Все письмо было выдержано в серьезном тоне. Илья сожалел, что вместо фронта попал в училище, сожалели и многие другие, по его словам, и Вася, но ничего не поделаешь. Говорят, приказ Верховного Главнокомандования.
«Мы боимся, что, пока нас тут будут учить, война кончится — и мы приедем к шапочному разбору».
В конце письма он просил Галю не горевать, не скучать, понять, что их разлучила война, что после войны они всегда, всегда будут вместе.
«Я крепко, крепко обнимаю тебя и несчетно раз целую. Пиши скорей ответ. Навеки твой Илья Крутояров».
Внизу приписка:
«Баян мой мы вместе с Васей отнесли к Григорию Петровичу — твоему брату, когда мы были в нашем городе. Напугали меня ребята, что с баяном я не попаду на фронт, что меня могут оставить где-нибудь в тыловой музыкантской команде. В письме Петру Филипповичу я забыл об этом написать. Так вот знай. Случится тебе быть в городе (а может, ты все-таки поедешь учиться?), то захвати его. После войны он нам пригодится».
Сидя на полке лобогрейки, Галя два раза прочитала письмо и вложила его обратно в конверт. Оно возбудило в ней массу воспоминаний, особенно о последних встречах с Ильей, о проводах.
Явственно представился митинг возле правления колхоза. На трибуне дед Афанас, Демин, Свиридов, и среди них Илья. Слабый ветерок слегка шевелит его светлый вьющийся чуб. Вот он взмахнул рукой, заговорил. Отчетливо зазвучал в ушах звонкий голос Ильи:
— Мы их, фашистов, в пух и прах разобьем!
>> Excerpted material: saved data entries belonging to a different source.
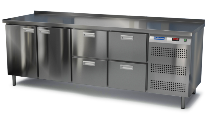 Холодильный стол КАМИК СО-Т-24237 используется на предприятиях общественного питания и торговли для охлаждения и хранения продуктов, напитков и готовых блюд, а также для установки теплового оборудования на него. Конструкция разделена на секции, каждая из которых оборудована сетчатой полкой и парой направляющих. Корпус выполнен из нержавеющей стали.
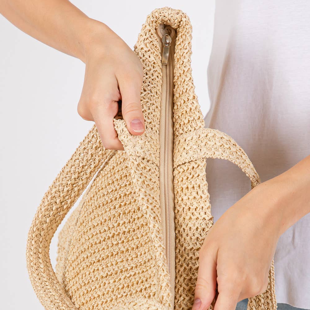 SOLID CROCHET STRAW TOTE BAG (MULTIPLE COLORS)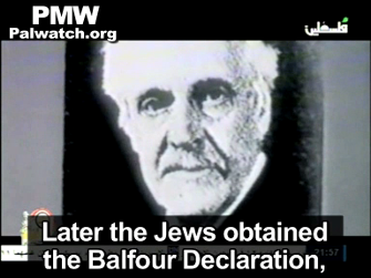 Former PA Minister of Education Sabri Saidam similarly promoted the idea that Europe plotted to ship its Jew problem off to “Palestine” and for this purpose came up with the Balfour Declaration. Saidam posted a video produced by official PA TV, which explained that Europe "was sick of the behavior of the Jews... and therefore it planned to get rid of them":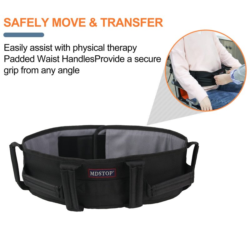 MDSTOP Transfer Belt with Padding Handles, Medical Nursing Safety Gait Patient Assist, for Bariatric/Pediatric/Elderly/Handicap/Occupational & Physical Therapy (L, Black)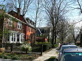 The Shady Hill Historic District is a historic district roughly bounded by Museum, Beacon and Holden, and Kirkland Streets, and Francis Avenue in Cambridge, Massachusetts. The district encompasses a residential area that is one of the city's most homogeneous neighborhoods of the second half of the 19th century. Located just east of the Harvard University campus, the area is characterized by large lot sizes and winding roads, with mature trees providing shade. The houses in the district are predominantly Queen Anne and Colonial Revival in character.[2]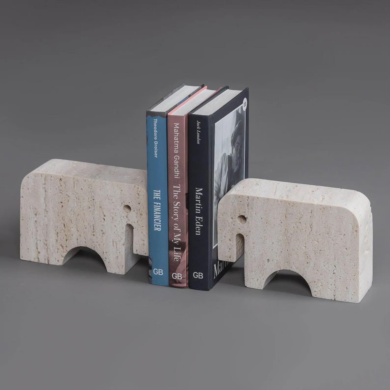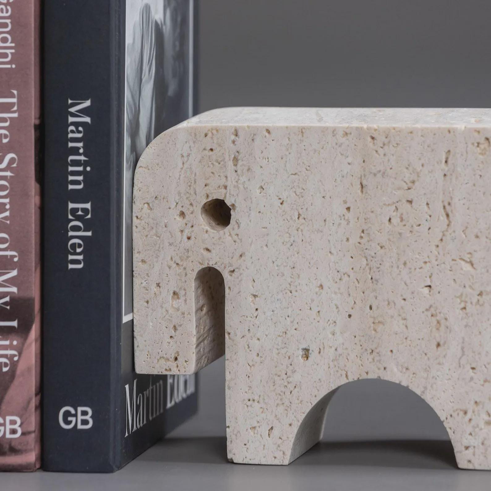 Bring charm, warmth, and personality to your shelves with this Elephant Stone Bookend Set, handcrafted from natural travertine stone. Designed with clean minimalist lines and a modern elephant silhouette, these stone animal bookends provide sturdy book support while doubling as a delightful decor accent for your home or office.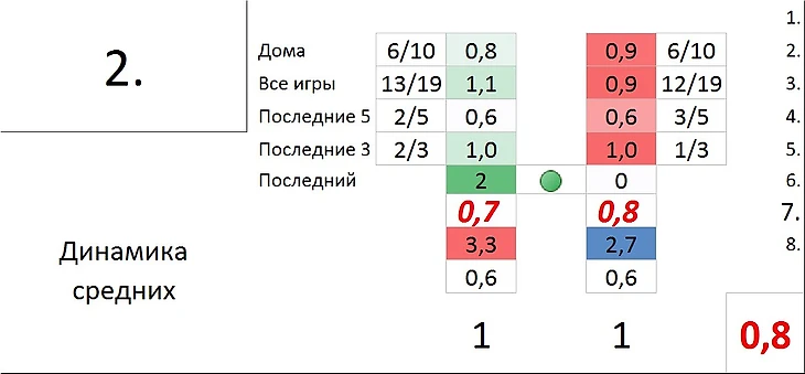Идея в следующем. Для того, чтобы понять, как сыграет команда свой следующий матч, нужно понять, в какой точке она сейчас находится. В этом, по сути, и есть наша с тобой главная задача. Для этого так много разных параметров. Мы должны оценить их все одновременно, и понять, куда движется команда. На этом принципе построен второй блок. Мы идём от общего к частному. Ты видишь два столбца из цифр: первый - забитые голы, второй - пропущенные.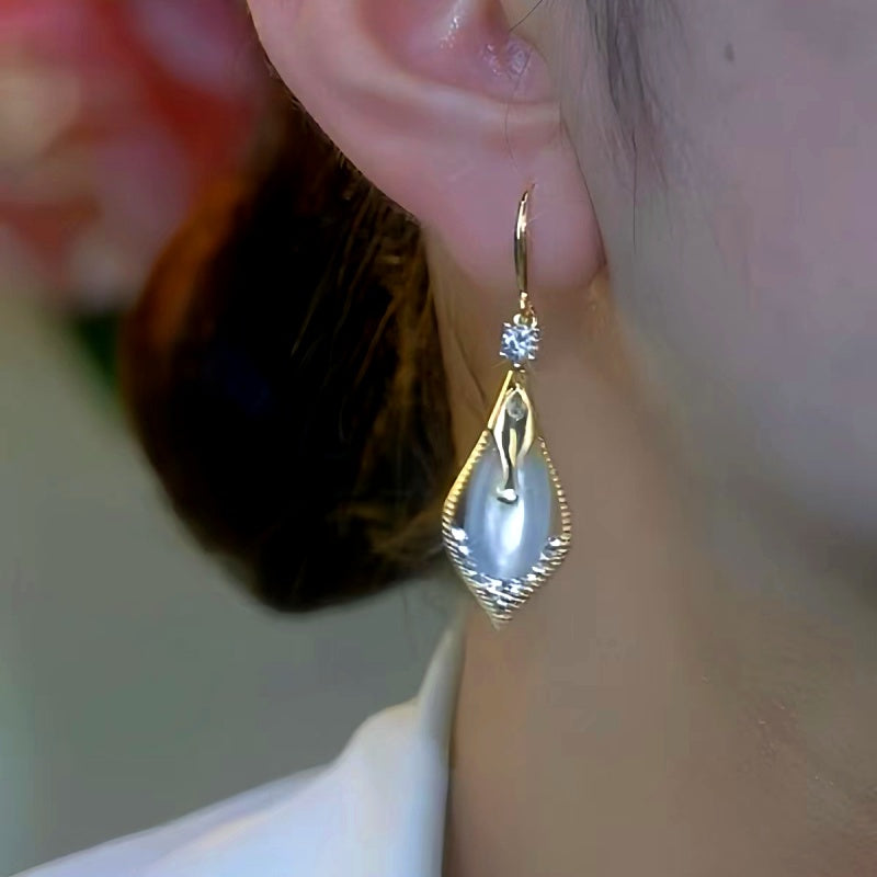 14K Gold-Plated Elegant Cat's Eye Stone Leaf Earrings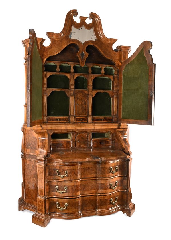 Cassettone a ribalta con alzata in noce e radica, Veneto, XVIII secolo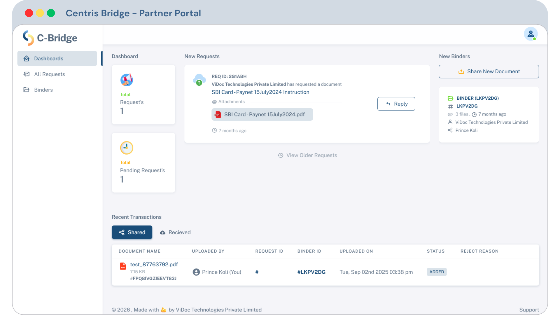 Centris Bridge is the Business Partner Portal of Centris, designed to manage document exchange with external stakeholders in a secure and organised manner. Instead of relying on email attachments or shared folders, it provides a controlled environment where documents can be submitted, reviewed, and tracked with clarity.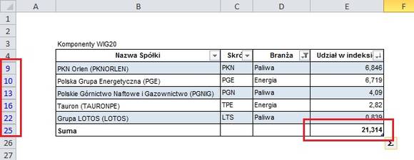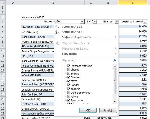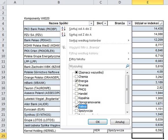 Zastosowanie filtru jest nieco inne – za jego pomocą możemy wyciągnąć z tabeli jedynie te wiersze, które spełniają określone przez nas kryterium. Powiedzmy, że spośród spółek WIG20 interesują mnie wyłącznie te, które należą do branż: Paliwa i Energia.
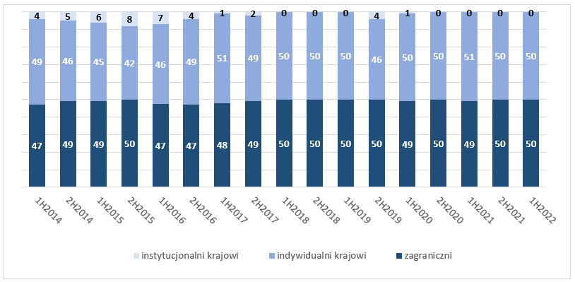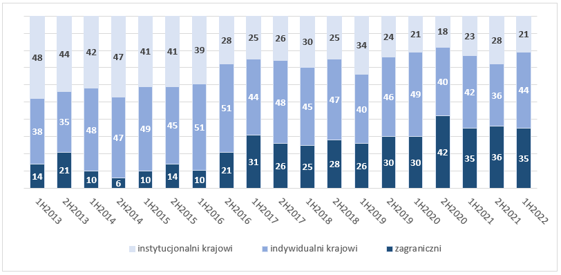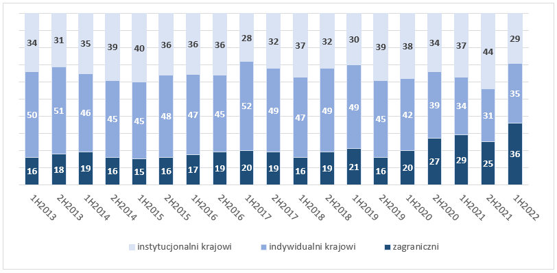W I połowie 2022 r. na Głównym Rynku akcji GPW największy udział w obrocie mieli inwestorzy zagraniczni. Wyniósł on 63 proc., o 8 pp. więcej w porównaniu z poprzednim rokiem. Był to najwyższy udział w pierwszym półroczu w ciągu ostatnich 10 lat. Krajowi inwestorzy indywidualni wygenerowali 18 proc. obrotów, co stanowiło spadek o 6 pp. w stosunku do poprzedniego roku. Krajowi inwestorzy instytucjonalni wygenerowali 19 proc. obrotów, o 2 pp. mniej niż w I połowie 2021 r. W I półroczu 2022 r. wśród krajowych instytucji na pierwszym miejscu, z takim samym udziałem na poziomie 27,5 proc., znaleźli się animatorzy oraz inne podmioty instytucjonalne, na trzecim miejscu uplasowały się firmy (17,5 proc.).

И последнее прощание на железнодорожных путях перед вагонами, заполненными молодыми парнями, шумно разговаривающими, отпускающими острые шутки… Вагон, в который влезли сперва Вася, потом Илья, предварительно подав другу баян… Кислый запах зеленоватого паровозного дыма… и мотив песни, оборванной гудком.
ГЛАВА ШЕСТАЯ
На одной небольшой станции эшелон поставили в тупик, а бойцов высадили и повели в интендантские склады, находившиеся в лесу, недалеко от железной дороги. Там всем выдали винтовки, подсумки с патронами, каски, суточную норму НЗ, черные пластмассовые медальоны, в которые вкладывались маленькие, свернутые в трубочку бумажки с домашним адресом.
Когда Ершов с задумчивым видом стоял в очереди за винтовкой и патронами, к нему подошел молодой человек в военном и весело сказал:
— Здравствуйте, Ершов! Издали узнал! — И подал руку. — Вас выдал богатырский рост. Вы, пожалуй, чуть ли не выше Маяковского! Ростом, конечно, — с улыбкой добавил он. — Узнаете меня?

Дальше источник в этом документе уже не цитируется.